Steinbaum Sara, Kelso Anabel, Dairi Nawal Firas, Boucher Normand S, Yu Wenjing
Department of Orthodontics, School of Dental Medicine, University of Pennsylvania, Philadelphia, PA 19104, USA.
School of Dental Medicine, University of Pennsylvania, Philadelphia, PA 19104, USA.
Diagnostics (Basel). 2024 Oct 19;14(20):2331. doi: 10.3390/diagnostics14202331.
BACKGROUND/OBJECTIVES: Degenerative joint disease (DJD) of the TMJ can impact patients' quality of life and complicate orthodontic treatment. Stabilizing splints are a common conservative treatment in managing TMDs symptoms, although their long-term effects on condylar morphology are poorly studied. This study aimed to assess the impact of stabilizing splints on condyle morphology using cone-beam computed tomography (CBCT) in patients with various stages of DJD. Forty-two condyles with pre- (T1) and post- (T2) splint therapy scans were analyzed.

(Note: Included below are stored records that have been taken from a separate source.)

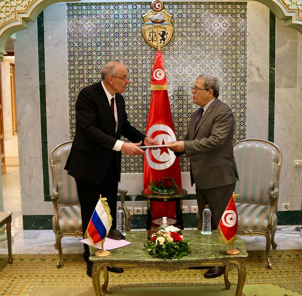 تسلم وزير الشؤون الخارجية والهجرة والتونسيين بالخارج، عثمان الجرندي، مساء الجمعة من ألكسندر زولوتوف، نسخة من أوراق اعتماده سفيرا لجمهورية روسيا الاتحادية بتونس.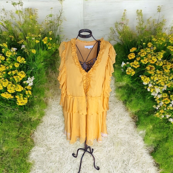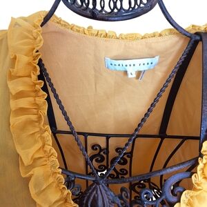 Embrace elegance with this stunning yellow ruffled dress. Perfect for any occasion, it offers a vibrant touch to your wardrobe. The Endless Rose Elegant Sunflower Yellow Dress in size L is a stylish and versatile piece perfect for various occasions such as travel, weddings, parties, and casual wear. This sleeveless, V-neck dress features a pullover closure and is made of polyester material, making it comfortable and easy to wear. It has a drawstring waist for just the right amount of definition. The bright yellow color, short dress length, and mini style make it a flattering and eye-catching choice for the summer and spring seasons. With its lined features and quality construction, this dress from Endless Rose is a fashionable addition to any woman's wardrobe.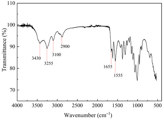 FTIR is the most suitable technique for a quick and simple characterization of DD of chitosan. This parameter is extremely important as it influences the properties of the macromolecular chains of the polymers and their behavior in solution, namely the solubility of the chitosan, the flexibility of the macromolecular chains, and the polymer conformation. Figure 3 depicts the infrared spectrum of the chitosan sample. It displays a series of bands: the peak noticed at 1555 cm−1 corresponds to N–H bending of the secondary amide II band of –CONH– whereas the amide I band resulting from hydrogen and hydroxyl interactions (due to the deacetylation of chitin) is observed at 1655 cm−1. Small peaks around 2900 cm−1 are assigned to the –CH2– and –CH3 groups. –OH, stretching vibrations of water, and hydroxyls as well as –NH stretching vibrations of free amino groups, are observed at 3100–3500 cm−1. Using the Baxter equation (Equation (1)), the DD of the produced chitosan was found to be 53.33%.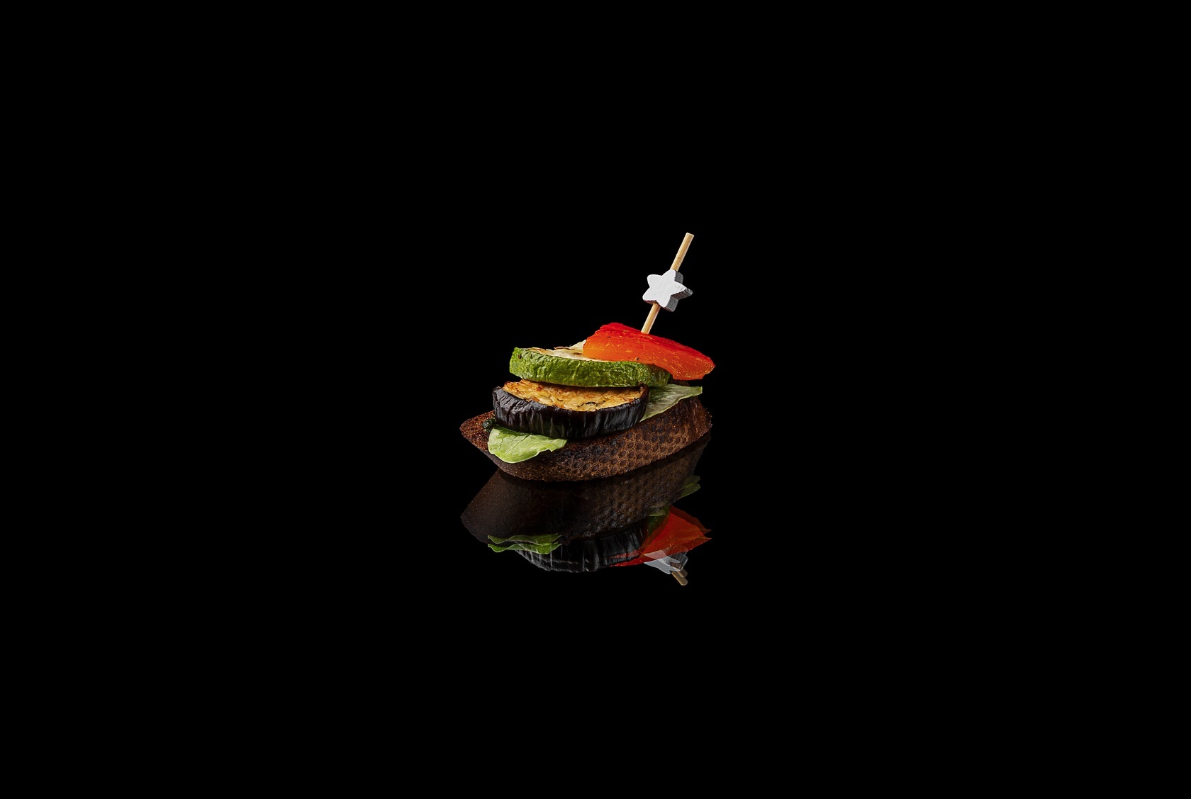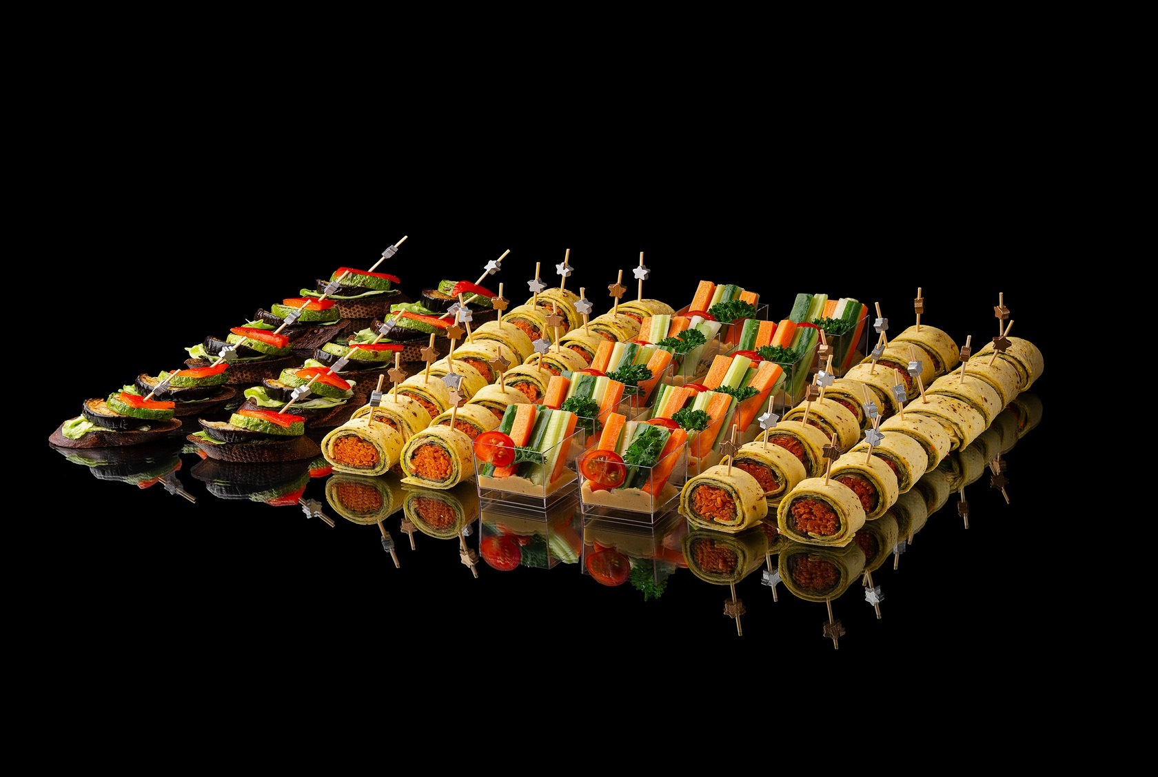 Брускетты с запечёнными баклажанами, кабачками и перцем раскрываются тёплым, насыщенным вкусом, дополненным ароматным соусом песто и ржаным багетом. Рулетики из пшеничной тортильи с овощами и песто добавляют мягкость и выразительность, подчёркнутую лёгкой пикантностью моркови по-корейски. Веррины с овощными палочками и хумусом завершают композицию свежим, чистым акцентом, создавая баланс и визуальную лёгкость.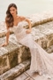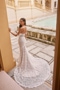 Stunning from afar and breathtaking up close, this opulent mermaid gown is simply irresistible. The semi-sheer bodice and elegantly draped lace applique straps highlight and enhance your curves to create a gorgeously feminine silhouette. A Cathedral train completes this breathtaking gown, ensuring your bridal style is etched in your guests' memory long after the vows are exchanged.
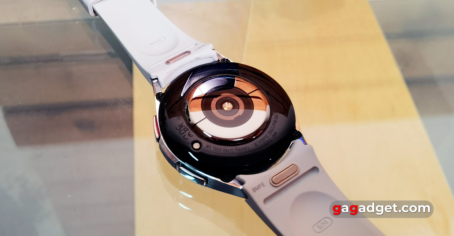 Tył zegarka wykonany jest ze szkła i ceramiki i posiada wiele funkcjonalnych elementów. Biosensory Samsung BioActive, optyczny czujnik tętna i czujnik temperatury na podczerwień oraz otwór odciążający. Czujnik temperatury na podczerwień służy do pomiaru różnych wskaźników stanu ciała. Na przykład podczas snu. Samsung Galaxy Watch6 Classic nie posiada jednak funkcji pomiaru temperatury. Co więcej, pomiar w takim miejscu nie będzie zbyt reprezentatywny. Firma otworzyła jednak API dla czujnika temperatury, dzięki czemu programiści mogą go używać w swoich aplikacjach.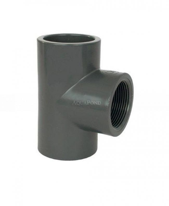 PVC-T-Stück 90° mit zwei gleichgroßen Klebemuffen (gegenüberliegend) und einem Innengewinde (Abzweig). Bei dem Gewinde handelt es sich um das in der Wassertechnik standardmäßig zum Einsatz kommende Whitworthgewinde, welches eine einfache Kombination mit Gewindefittings aus anderen Materialien ermöglicht. So kann ein Übergang auf ein Metallrohr problemlos umgesetzt werden.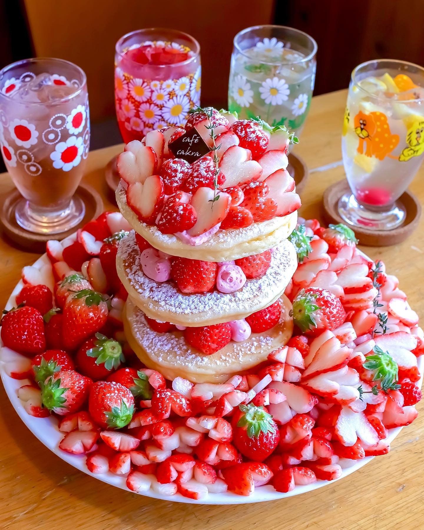 姫路市広畑区東新町の cafe cakra は、100粒のいちごを使ったスペシャルホットケーキが看板メニューです。まるごといちごやハート型のいちごが並び、粒数は事前の相談で50粒・30粒などにも柔軟に対応します。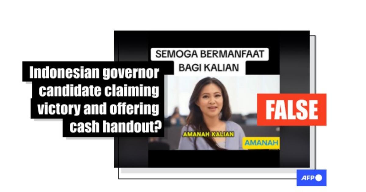The clip is similar to another video debunked by AFP which also appeared to show an Indonesian gubernatorial candidate declaring victory and offering financial aid.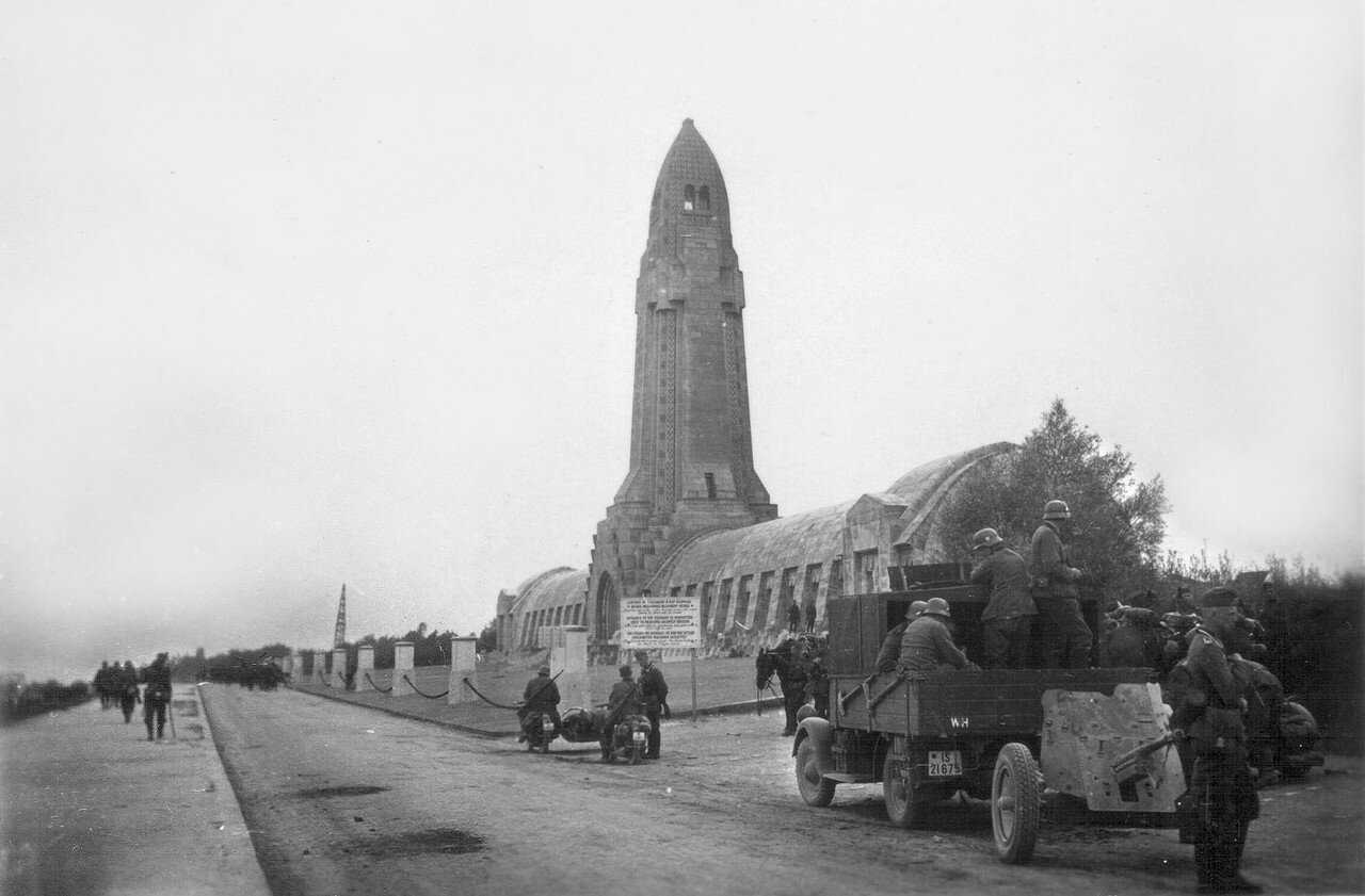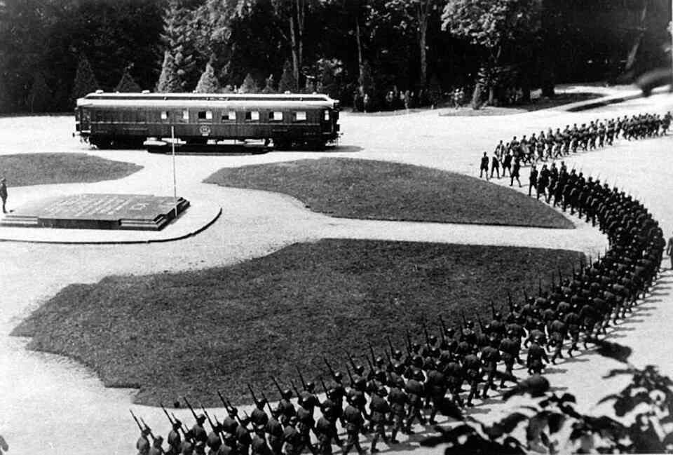 114. Церемониальный марш немецких войск в Компьене во время переговоров о перемирии между немецким командованием и Францией. В центре — исторический железнодорожный вагон, в котором было подписано первое Компьенское перемирие, зафиксировавшее поражение Германии в Первой мировой войне. Новое Компьенское перемирие было подписано в этом же вагоне, символизируя реванш Германии.

CBCT scans were sectioned into sagittal and coronal slices for condyle classification and measurement. T1 and T2 CBCTs were superimposed before linear and area measurements at different poles.
Our results indicate that condyles in the normal group remain unchanged after splint therapy. The majority of subjects in the degenerative groups remained in the same classification group: six out of fourteen degenerative-active patients became degenerative-repair, while three out of twenty-two degenerative-repair patients progressed to degenerative-active. There is no significant remodeling of condylar width pre- and post-splint therapy. On average, there is more bone deposition than reduction in condylar height after splint therapy, although individual variation exists.
Stabilizing splints offer a low-risk intervention for managing DJD and may contribute to favorable adaptive changes in the condyles.
背景/目的:颞下颌关节退行性关节病(DJD)会影响患者生活质量,并使正畸治疗复杂化。稳定(牙合)垫是治疗颞下颌关节紊乱病(TMD)症状的一种常见保守治疗方法,但其对髁突形态的长期影响研究较少。本研究旨在使用锥形束计算机断层扫描(CBCT)评估稳定(牙合)垫对不同阶段DJD患者髁突形态的影响。分析了42个髁突在戴(牙合)垫治疗前(T1)和治疗后(T2)的扫描图像。
将CBCT扫描图像切成矢状面和冠状面切片,用于髁突分类和测量。在对不同极点进行线性和面积测量之前,将T1和T2的CBCT图像进行叠加。
我们的结果表明,正常组的髁突在戴(牙合)垫治疗后保持不变。退变组的大多数受试者仍处于同一分类组:14例退变活跃患者中有6例变为退变修复,22例退变修复患者中有3例进展为退变活跃。戴(牙合)垫治疗前后髁突宽度无明显重塑。平均而言,戴(牙合)垫治疗后髁突高度的骨质增生多于骨质吸收,尽管存在个体差异。
稳定(牙合)垫为DJD的治疗提供了一种低风险的干预措施,可能有助于髁突产生良好的适应性变化。